第957章 ,他還沒有意識到他可以干什


  夜雨還在下,雨水順著屋簷的溝槽匯成細流,在庭院的地面上砸出持續不斷的、細密的聲響。世田谷區這棟一戶建客廳的燈已經被打開了,暖黃色的光填滿了原本只靠電視屏幕照明的空間。
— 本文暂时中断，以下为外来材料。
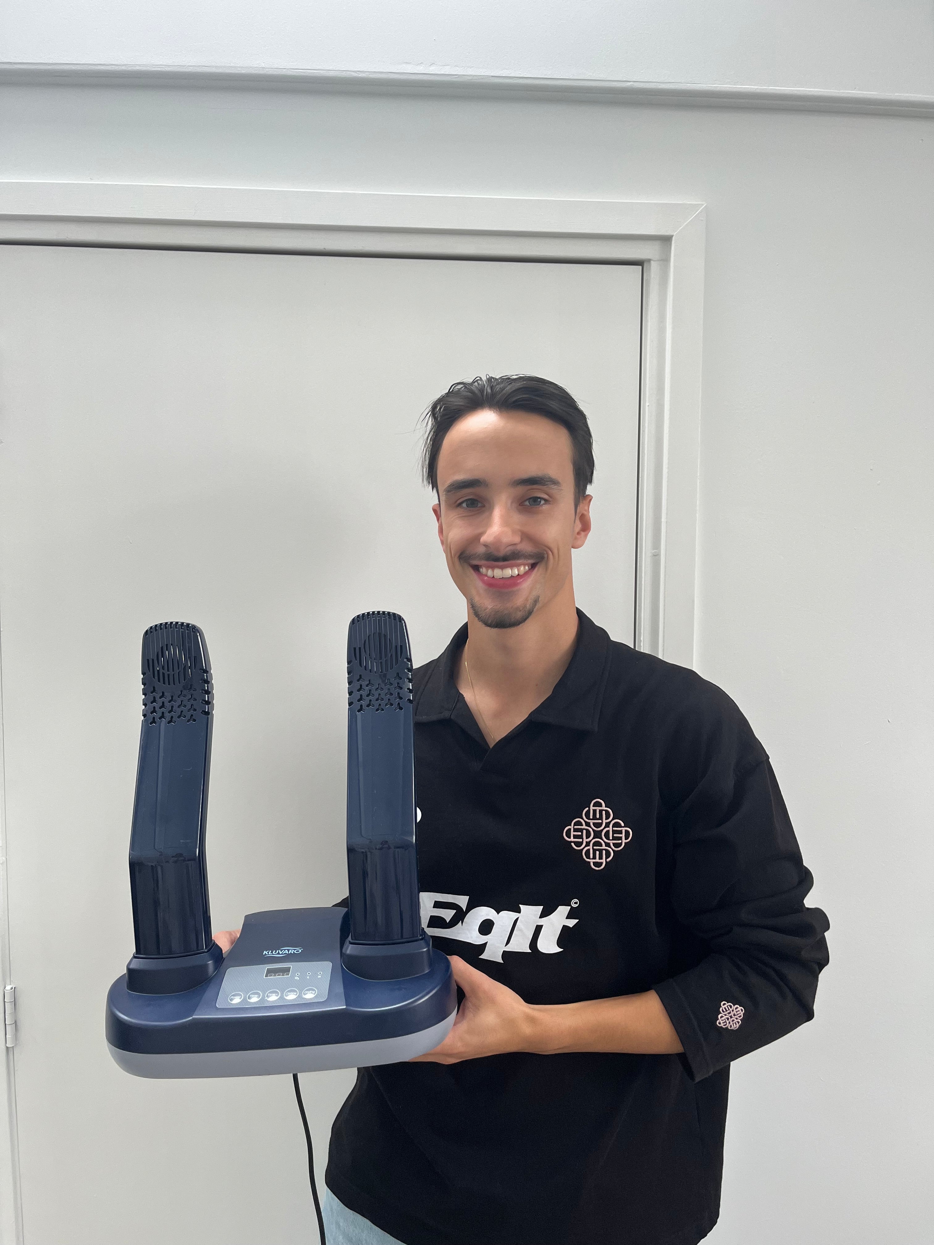 Ja, de ShoeBreeze Ozone gebruikt ozon op een veilige, gecontroleerde manier binnen het gesloten systeem van het apparaat. Het ozon wordt na de sterilisatiecyclus automatisch geneutraliseerd. Het is volledig veilig voor schoenen én je gezondheid bij normaal gebruik.
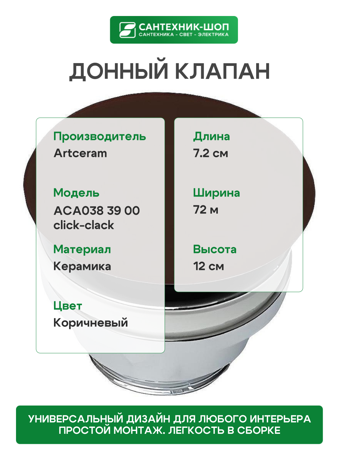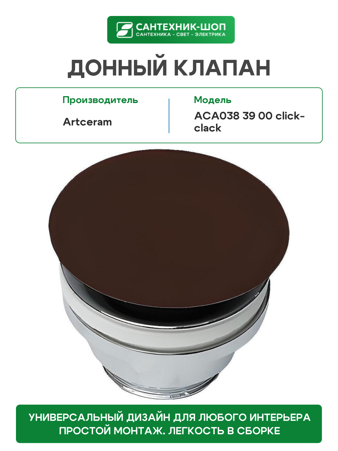 Сервис сравнения цен СкидкаГИД предлагает сравнить цены на товар «Донный клапан Artceram ACA038 39 00 click-clack Cocoa»

那些被撞翻的柜子和散落在地板上的物品已經被大致歸攏到了一旁,電視的新聞畫面還在無聲地播放著,堤禮實正對著鏡頭講關於黑暗騎士案件的一些細節,但沒有人看。

  這次她講得是真的了,不是甲斐享版特供錄像了。

  池田繪玲奈站在客廳靠近門口的位置,雙手插在女式小西裝外套的口袋裡,她沒有系扣子,露出裡面黑色的高領毛衣,還有被她深深撐起,略微有些緊繃的領口。

  她剛才打鬥時蹭亂的頭髮已經被她用手指攏了攏,攏到耳後去了,但她沒有把那個動作完全做完整,幾縷髮絲又從耳後滑落下來,垂在顴骨旁邊,姣好的臉蛋表情微繃,沒有說話,但她的眉頭在進門之後就一直是那個幅度,處於一種介於困惑和不贊同之間、還沒有決定要不要升級成更激烈的情緒。

  「你為什麼要放他走?」她終於開口了,聲音不算大,也沒有咄咄逼人的意思,但她的話語直白,不加修飾,帶著一種「我不明白,所以你要解釋清楚」的傾向。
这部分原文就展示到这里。